Dhall, gradual typing and AWS CloudFormation

We've been having a problem at work: the CloudFormation template deploying the necessary infrastructure grew into a giant sheet with many repetitive parts. To add a new resource (SNS topic) we have to edit three lists each time: the topic list, their permissions and triggers which fire the changes.

Ideally we'd want to list the topics in one place and generate the full template automatically. It's easy to write such a generator but it'd be nice to use a ready-built solution which we wouldn't have to onboard the current and new team members to specifically.

There are several CloudFormation generators, for example, in Scala and Python: CloudFormation Template Generator, troposphere. We've tried CloudFormation Template Generator, but it doesn't support cyclical references between resources, so we've stopped working on the problem for a while.

This time we've decided to try Dhall instead of a specialised generator. It is similar to JSON in syntax, can call functions, is strongly typed and can generate YAML and JSON (there are many other benefits not directly related to CF that I'm omitting here).

The advantage of Dhall over concrete generators is that despite fully static type checking, Dhall supports progressive typing: you don't have to explicitly mark the type of each value, it can be inferred automatically. This allows to skip defining all the possible types of resources and such beforehand. On the other hand, if a generator doesn't support a particular AWS resource type, the generator itself must be modified.

We've taken the existing CloudFormation template as the base and started to implement it in Dhall straight on. The first level only required cosmetic changes:

let mkParam = \(desc: Text) -> { `Type` = "String", Description = desc } in
{ AWSTemplateFormatVersion = "2010-09-09"
, Description = "ACME bucket"
, Parameters = { BucketName = mkParam "Name of the ACME bucket"
               , LogsBucketName = mkParam "Name of the ACME logs bucket"
               , DeploymentsBucketName = mkParam "Name of the ACME deployments bucket"
               }
}

The mkParam function already saved a few lines, but the most interesting is ahead - the Resources object.

The resource list in the existing template looks like this:

Resources:
  ACMEBucket:
    Type: AWS::S3::Bucket
    # ...
  ACMELogsBucket:
    Type: AWS::S3::Bucket
    # ...
  ACMEFooCreatedTopic:
    Type: AWS::SNS::Topic
    Properties:
      TopicName: ACMEFooCreated
  ACMEBarCreatedTopic:
    Type: AWS::SNS::Topic
    Properties:
      TopicName: ACMEBarCreated
  ACMEBazCreatedTopic:
    Type: AWS::SNS::Topic
    Properties:
      TopicName: ACMEBazCreated
  ACMEQuuxCreatedTopic:
    Type: AWS::SNS::Topic
    Properties:
      TopicName: ACMEQuuxCreated
  # And tens of similar topics

According to YAML (and Dhall's YAML converter) Resources is an object, that is, a structure type with fields of ACMEFooCreatedTopic, ACMEBarCreatedTopic and so on. This is no good if we want to generate many similar resources.

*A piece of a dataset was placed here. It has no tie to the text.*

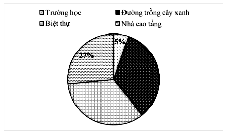 Biểu đồ hình quạt sau đây biểu diễn tỉ số phần trăm đất sử dụng cho khu đô thị mới

Fortunately, the YAML converter automatically converts arrays of objects with mapKey and mapValue keys into objects with keys that we need, for example:

[ { mapKey = "one"
  , mapValue = 1
  }
, { mapKey = "two"
  , mapValue = 2
  }
]

gets converted to:

two: 2
one: 1

But it turns out this isn't the main problem.

The end of gradual typing

So we have a lot of similar topics which we can represent as:

{ name: Text
, resourceName: Text
}

and put into the resource array using a trivial function converting this representation to an SNS resource.

And here the gradual typing stops and problems start:

In Dhall the function argument types must be specified explicitly.

Therefore, we must write:

let Topic = { name: Text
            , resourceName: Text
            } in
let topicResource = \(topic: Topic) -> { mapKey = topic.topicResourceName
                                       , mapValue = { `Type` = "AWS::SNS::Topic"
                                                    , Properties = { TopicName = topic.name }
                                                    }
                                       } in

But at least the Topic type isn't that large? We just need to define the topics and convert them to a resource list using map?

In Dhall polymorphic functions accept types parametrising them explicitly.

Therefore, map must always have four arguments. All of those must be specified explicitly.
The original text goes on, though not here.